• [ASSIGNED TASK]
Transcribe, exactly and without pictures, the lines below from the line with "Техника БезопасностиРаботать с" to the line with "技鋼科技近日正式發表兩款支援Intel® Xeon® 6處理器以及NVIDIA", both ends included, and no others.

• [DATA SUPPLIED]

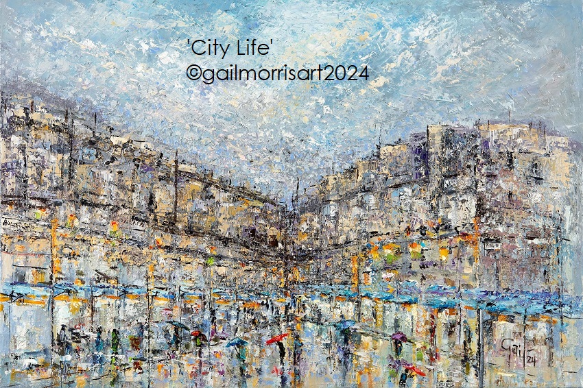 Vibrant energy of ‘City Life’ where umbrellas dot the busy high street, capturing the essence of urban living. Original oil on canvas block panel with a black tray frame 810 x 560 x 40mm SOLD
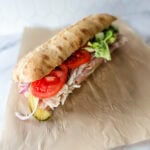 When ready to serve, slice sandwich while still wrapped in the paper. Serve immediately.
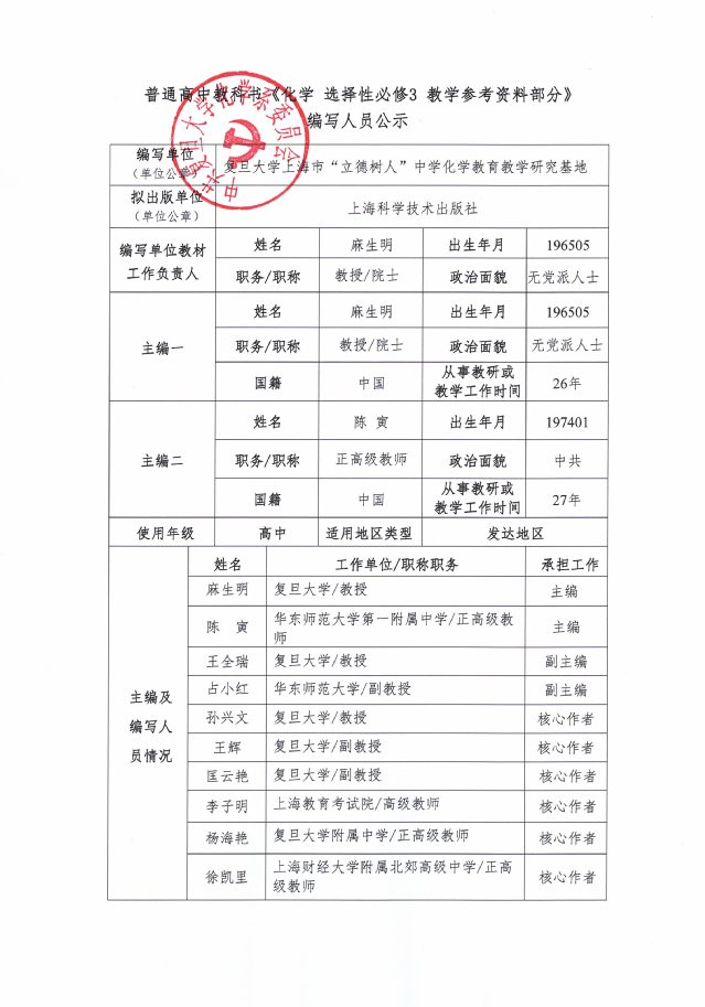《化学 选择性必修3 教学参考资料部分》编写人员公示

==

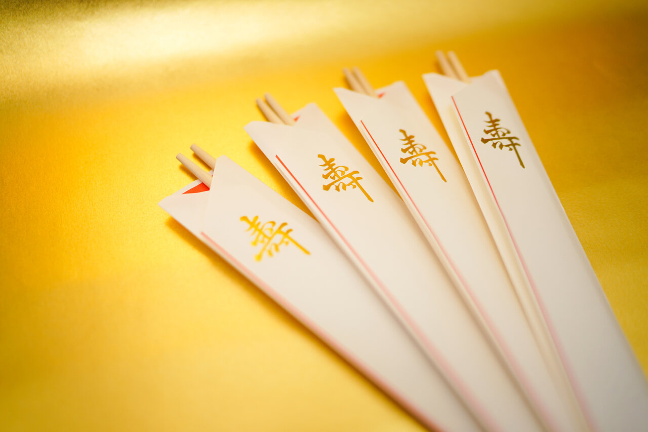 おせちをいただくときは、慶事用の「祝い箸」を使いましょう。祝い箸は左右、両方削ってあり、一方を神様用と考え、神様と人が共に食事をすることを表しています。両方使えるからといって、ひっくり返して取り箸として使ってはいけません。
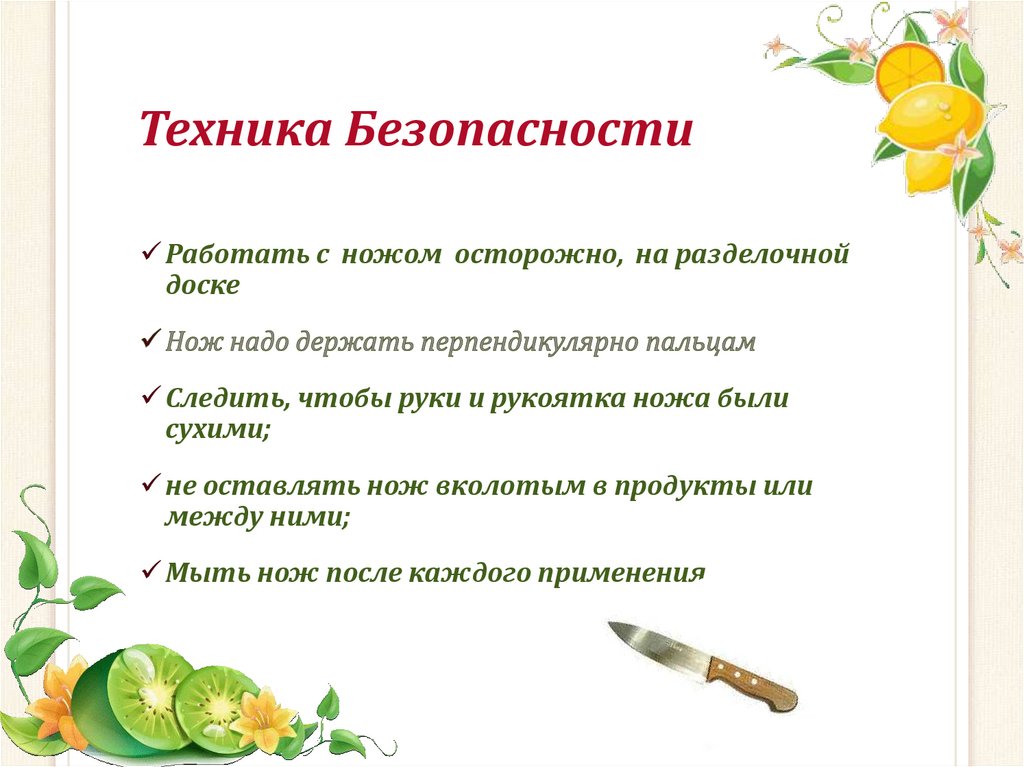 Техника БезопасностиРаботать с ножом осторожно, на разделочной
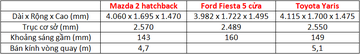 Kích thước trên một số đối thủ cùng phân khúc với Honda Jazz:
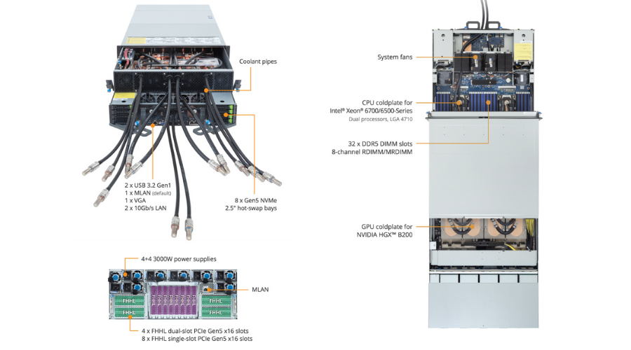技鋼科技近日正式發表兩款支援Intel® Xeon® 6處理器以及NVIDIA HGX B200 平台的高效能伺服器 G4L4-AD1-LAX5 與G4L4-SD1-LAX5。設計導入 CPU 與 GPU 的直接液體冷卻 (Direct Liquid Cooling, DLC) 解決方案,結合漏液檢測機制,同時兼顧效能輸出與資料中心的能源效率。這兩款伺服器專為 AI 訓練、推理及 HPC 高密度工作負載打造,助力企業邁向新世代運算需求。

• [EXERCISE OUTPUT]
 Техника БезопасностиРаботать с ножом осторожно, на разделочной
 Kích thước trên một số đối thủ cùng phân khúc với Honda Jazz:
技鋼科技近日正式發表兩款支援Intel® Xeon® 6處理器以及NVIDIA HGX B200 平台的高效能伺服器 G4L4-AD1-LAX5 與G4L4-SD1-LAX5。設計導入 CPU 與 GPU 的直接液體冷卻 (Direct Liquid Cooling, DLC) 解決方案,結合漏液檢測機制,同時兼顧效能輸出與資料中心的能源效率。這兩款伺服器專為 AI 訓練、推理及 HPC 高密度工作負載打造,助力企業邁向新世代運算需求。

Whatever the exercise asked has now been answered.